Padmé reached out, hesitating for an instant, before touching his arm. He turned slightly, his blue eyes reflecting the light of the corridor. She swallowed hard, feeling the weight of every unspoken word, the burden of every secret that stood between them.

“Luke…” Her voice broke, soft, almost a whisper, yet laden with all the pain and love in the world. “Forgive me.”

There was no explanation. Only the plea. A request from the deepest place in the heart of a mother who loved so much she knew that any detail revealed might shatter what innocence still remained in her son.

Luke only blinked, unsettled, but something in his expression softened for a fraction of a second. The tension was still there, taut as a drawn cord, yet something subtle shifted: her silent presence, the brief touch, the single word — asking for forgiveness — seemed to share with him a burden he could not yet grasp, but was beginning to sense.

Padmé withdrew her hand slowly, her eyes locked on his, and allowed herself simply to breathe.
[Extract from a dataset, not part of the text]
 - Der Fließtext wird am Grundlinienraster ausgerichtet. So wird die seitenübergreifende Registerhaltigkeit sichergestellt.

Every moment was a stolen instant with her son, every second a reminder of what was about to come.

The train slowed, nearing its final destination. The Senate’s crowd awaited, unaware of the blade that would cut through its halls and of the pain hidden behind the determination of that young Jedi.
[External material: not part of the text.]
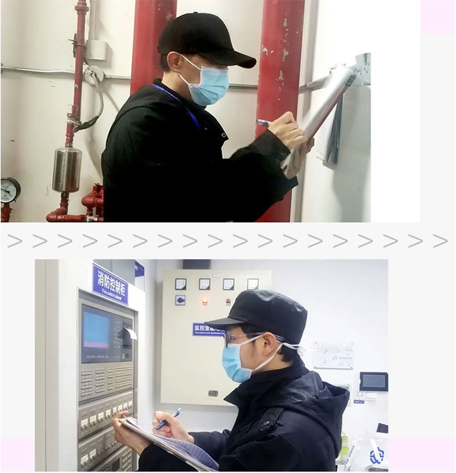 ▲ 疫情期間,消防站安保隊員在行動,24小時全面檢測、監(jiān)控水泵房,消控主機柜等消防設(shè)備設(shè)施。
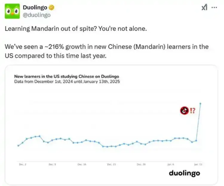 另外,許多美國人開始在多鄰國(Duolingo)上學習中文。多鄰國是美國的一款語言學習網站兼應用程序,其運營商表示,學習中文課程的用户數量與去年同期相比增長了216%。今年1月,隨着越來越多的美國人開始使用小紅書,不少人也同時註冊了多鄰國。

Luke lifted his chin, adjusted the hood, and with silent, measured steps, moved toward the exit. Padmé watched him go, her heart shattering in silence. The plea for forgiveness lingered in the air, unexplained, misunderstood, yet carrying all the impossible love she could not put into words.

And as he vanished into the crowd, she remained there, caught between pride and despair, knowing that in that moment her sacrifice of destiny, of love was being fulfilled in silence. And that nothing could ever change it.